This is a deal breaker for many HN users, including me. Especially a piece of software with such privileges.
That would be a deal breaker when it comes to CI tools.
It asks for access to my private repos. I don't want to give a brand-new AI tool access to my private repos. But if it looking at my private repos was optional, I would try it.
I get that! In order to check out the repo, these permissions are required though. What could I do to make you feel comfortable granting those permissions?
It would be much better to allow granting access to only a single repository, rather than complete and absolute access to all the repositories in an account.
I hear you. I've posted a comment to address this concern
Complete transparency and clarity about how data is used, stored, what systems get to see it, and minimizing privileges would be a starting point IMO.

Ask yourself the same question: what would make you feel comfortable handing the keys to your GitHub account to me, haswell, for a tool that I decide to share here?

Thank you! Based on the feedback I saw here, I'll create some diagrams and more details about how things work under the hood. Will also work on the privileges issue.
Please make sure it doesn't request access to private repos. That would be far more considerate of your potential users.
It said it needed read and write access to my email. I don't think it should even need read access. I probably wouldn't mind giving you my email separately as a signup.
That was definitely not my intention. I'll take a closer look at the permissions.
> What could I do to make you feel comfortable granting those permissions?

Literally nothing. Ain't gunna happen. :( :( :(

I wish all devs on github had this attitude. 9 out of 10 github integrations ask for blanket permission to do everything to all repos and 4 out of 5 library devs give them those permissions. It's a a bunch supply-side breaches waiting to happen.

IMO, I think I feel like github should be ashamed for even making it possible to ask for blanket permissions. I think they should have designed their permission system to make it harder to do such a thing. Like maybe it shows a list of repos and asks "which ones, which permissions per, etc...". Not sure if that's enough but I think they need to do more.

As it is, the easiest path for a company to integrate with github is to ask for blanket permissions because then they can setup and/or add any hooks etc automatically. No work on the user's part. But, that contributes to making the entire infrastructure of the world less secure (because much of the world's infrastructure depends on these repos) and it feels irresponsible for github to indirectly encourage it.

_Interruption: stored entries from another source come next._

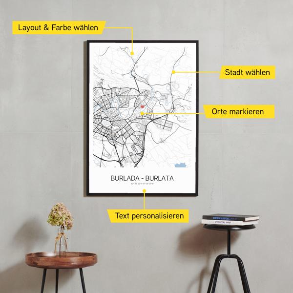 Wähle Farben und Layouts, die perfekt zu dir passen. Ob als klassische Karte in schwarz-weiß oder in modernen Farben. Bei Cartida kannst du ein Design in deinen Lieblingsfarben wählen. Erstelle eine Variante von Burlada - Burlata, die perfekt zu dir und deiner Wohnung passt.
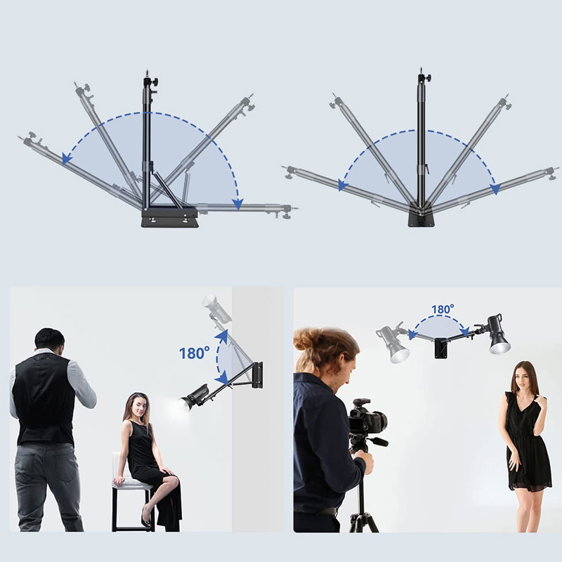 Ak ste unavení z neustáleho prestavovania statívov, nedostatku priestoru alebo nedostatočnej flexibility v práci so svetlom, nástenný držiak na svetlo 180 cm je presne to, čo potrebujete. Ponúka profesionálnu stabilitu, maximálnu nastaviteľnosť a šetrí drahocenný priestor. Či už fotíte portréty, natáčate video alebo pracujete na kreatívnych svetelných scénach, tento držiak vám dá voľnosť, komfort a istotu, že svetlo máte vždy pod kontrolou.
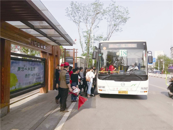 图为市交运局的文明劝导员正在引导市民乘坐公交车。本报记者 刘畅 摄
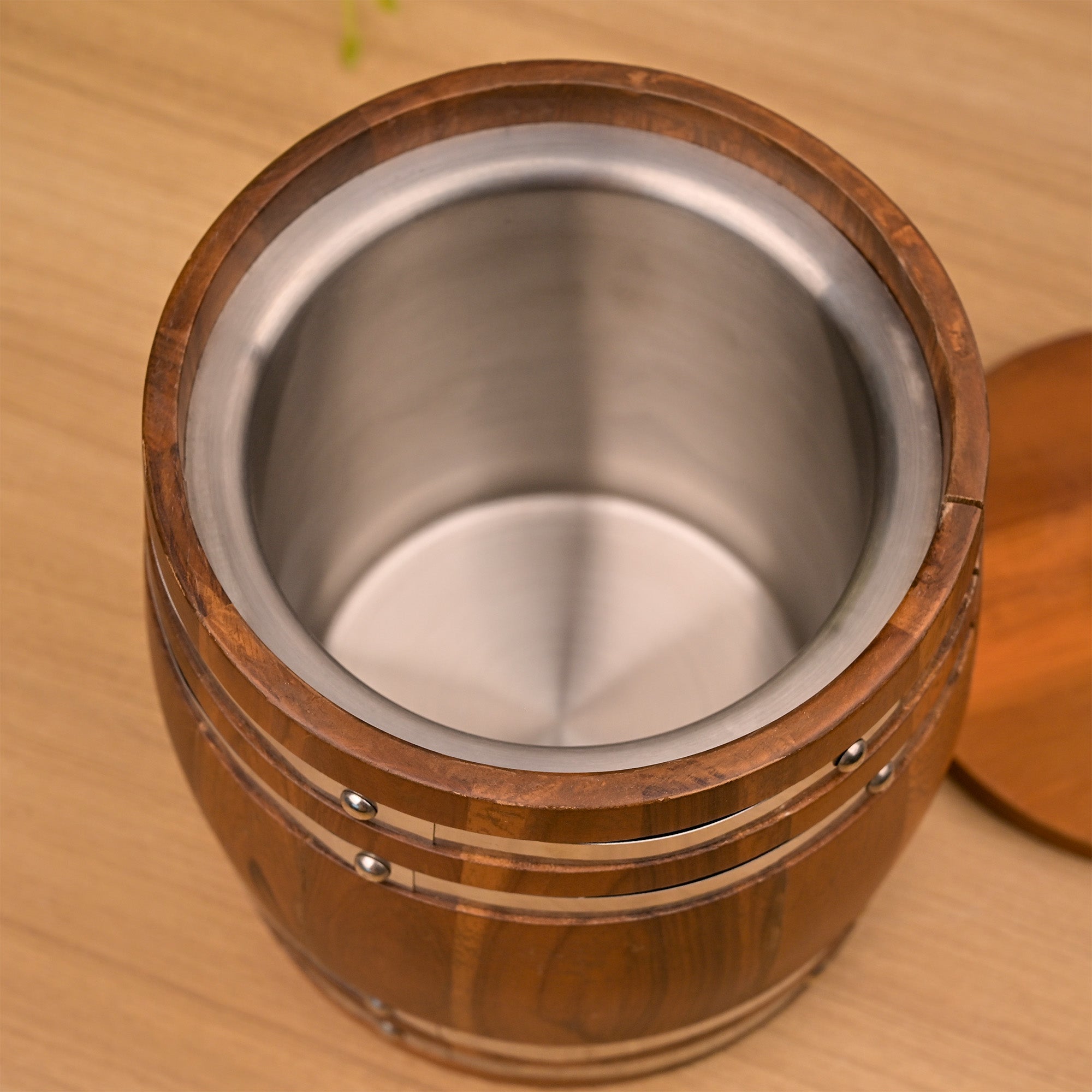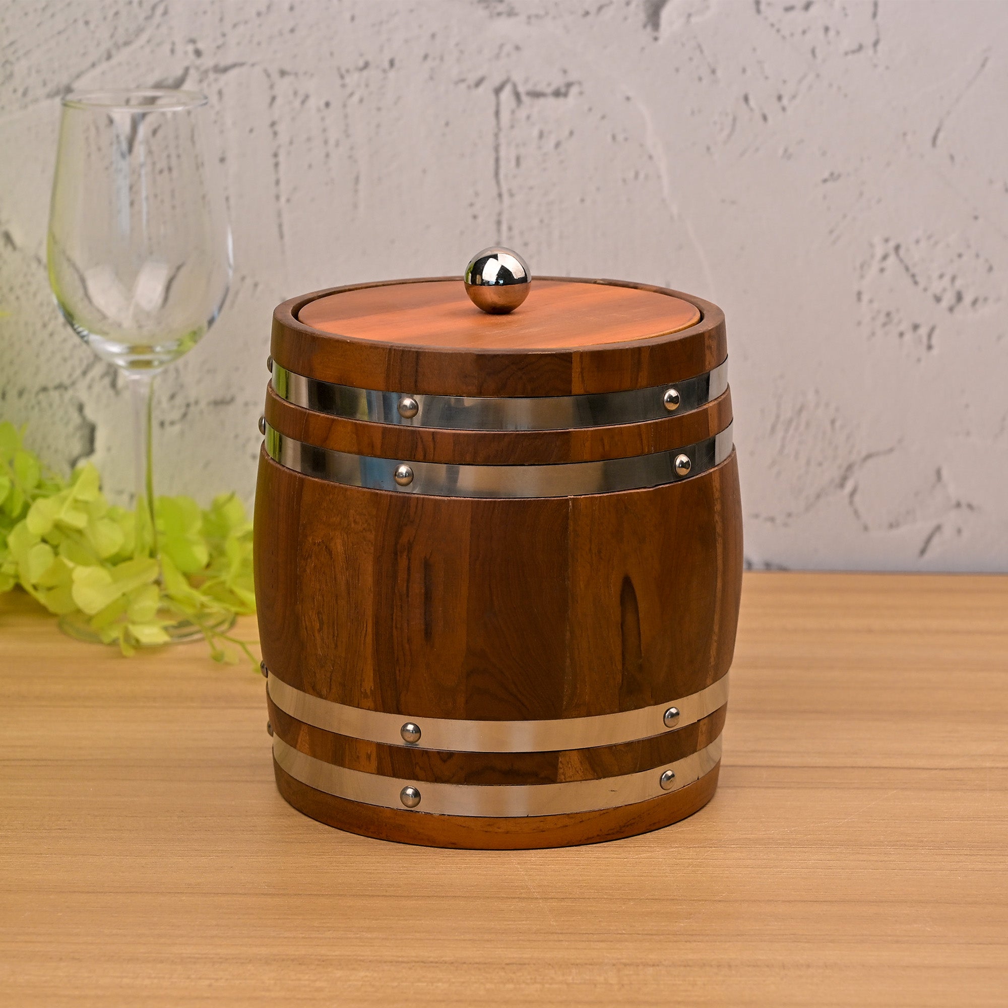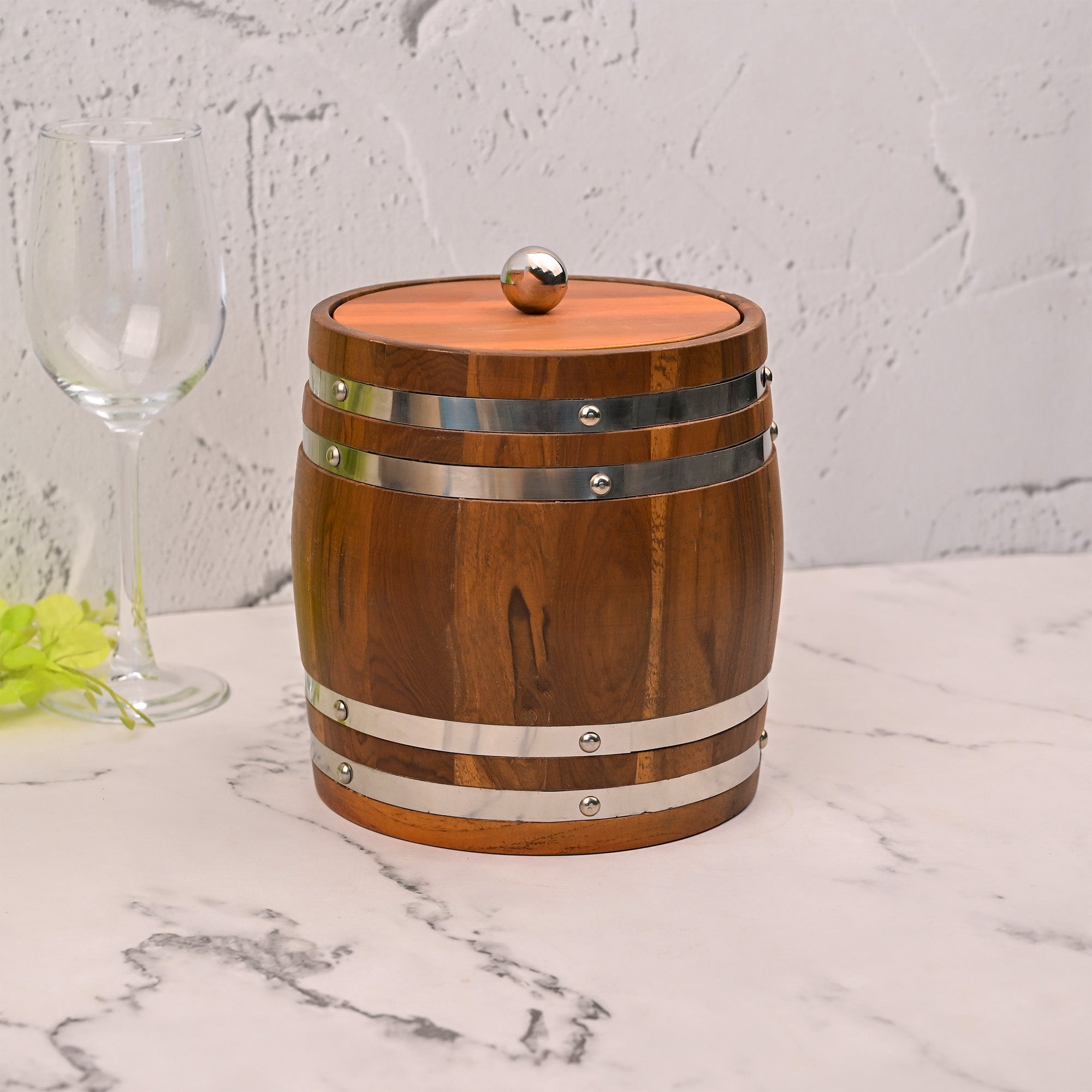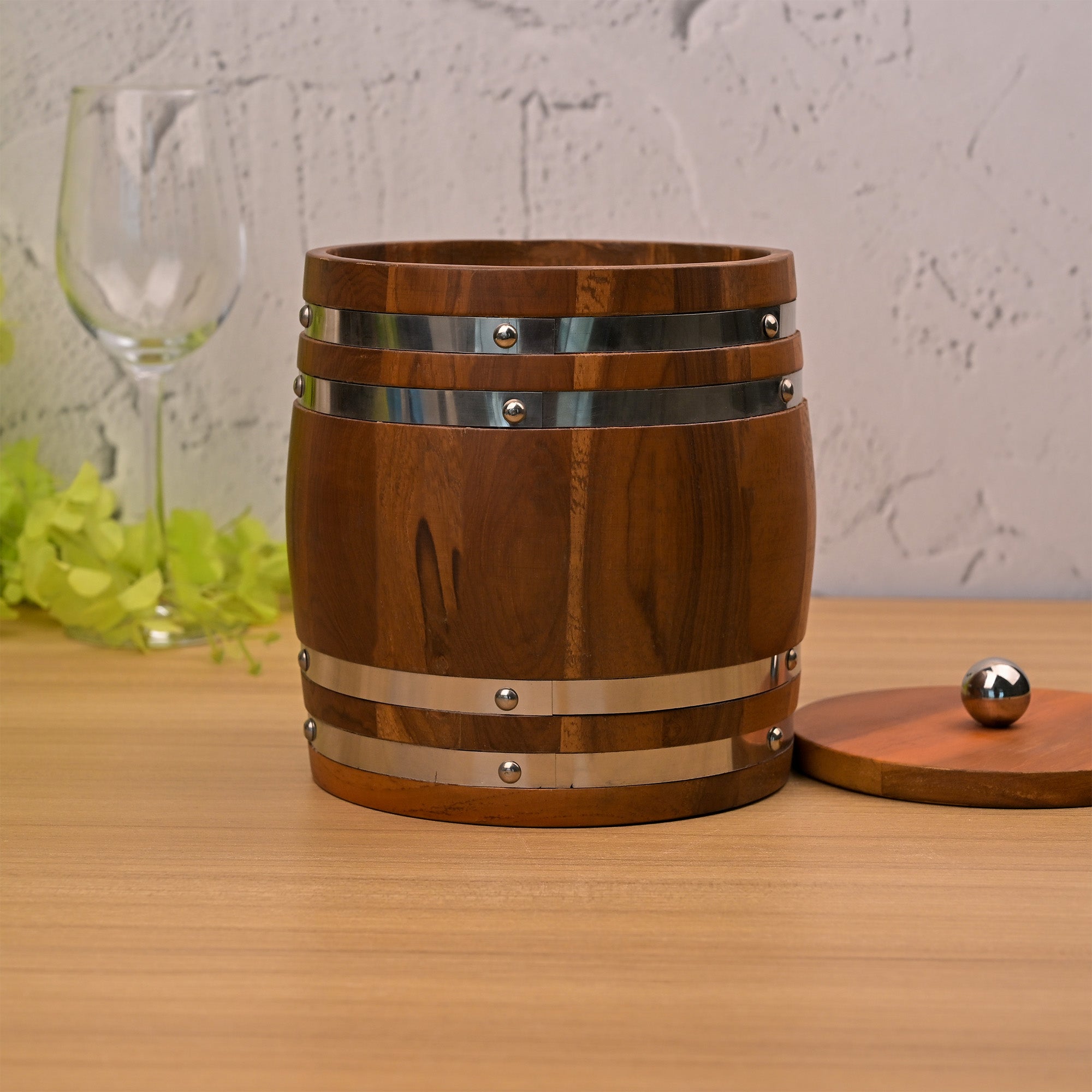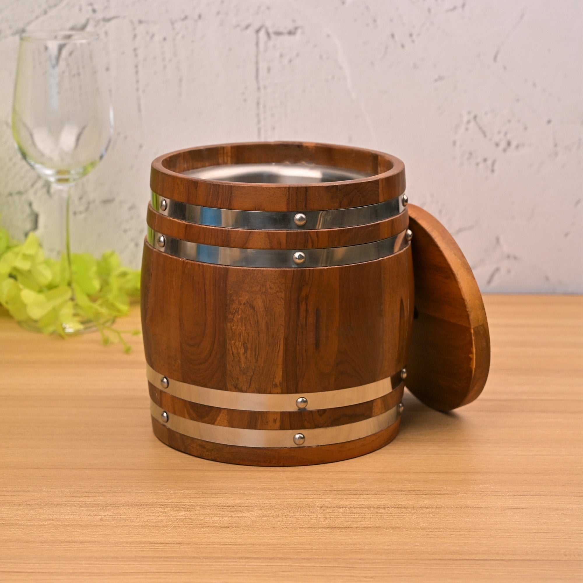 COD availableThis Rustic Wooden Ice Bucket is a delightful centrepiece for any gathering, meticulously crafted from premium wood to ensure beauty and durability. Its charming barrel design exudes timeless elegance while offering practical functionality. It features a robust lid and is made with stainless steel from the inside that enhances insulation and keeps your beverages perfectly chilled for hours. Whether for outdoor events or intimate indoor gatherings, this ice bucket harmoniously blends rustic sophistication with enduring quality, making it an exquisite choice for entertaining guests or savouring serene moments at home.

FWIW, when I integrate APIs, I always try to ask for as little as possible. Years ago I was trying to integrate some 3rd party logins and they're all trying to give me the user's email address. I'm like I don't even need that, just give me a unique identifier I can throw in my DB. Nothing more.

Better yet, I should be able to request a list of "required" permissions and "optional" permissions. Sometimes optional stuff is handy for optional features or to prefill stuff for the user to make it easier on them but not required for the app to function.

Let's say I want to have a somewhat genereric CRUD-app: A database, some application logic, a login system, logging/telemetry and a UI.

What kind of stack should I use so that tools like Darwin (or just plain old copilot) can be most effective?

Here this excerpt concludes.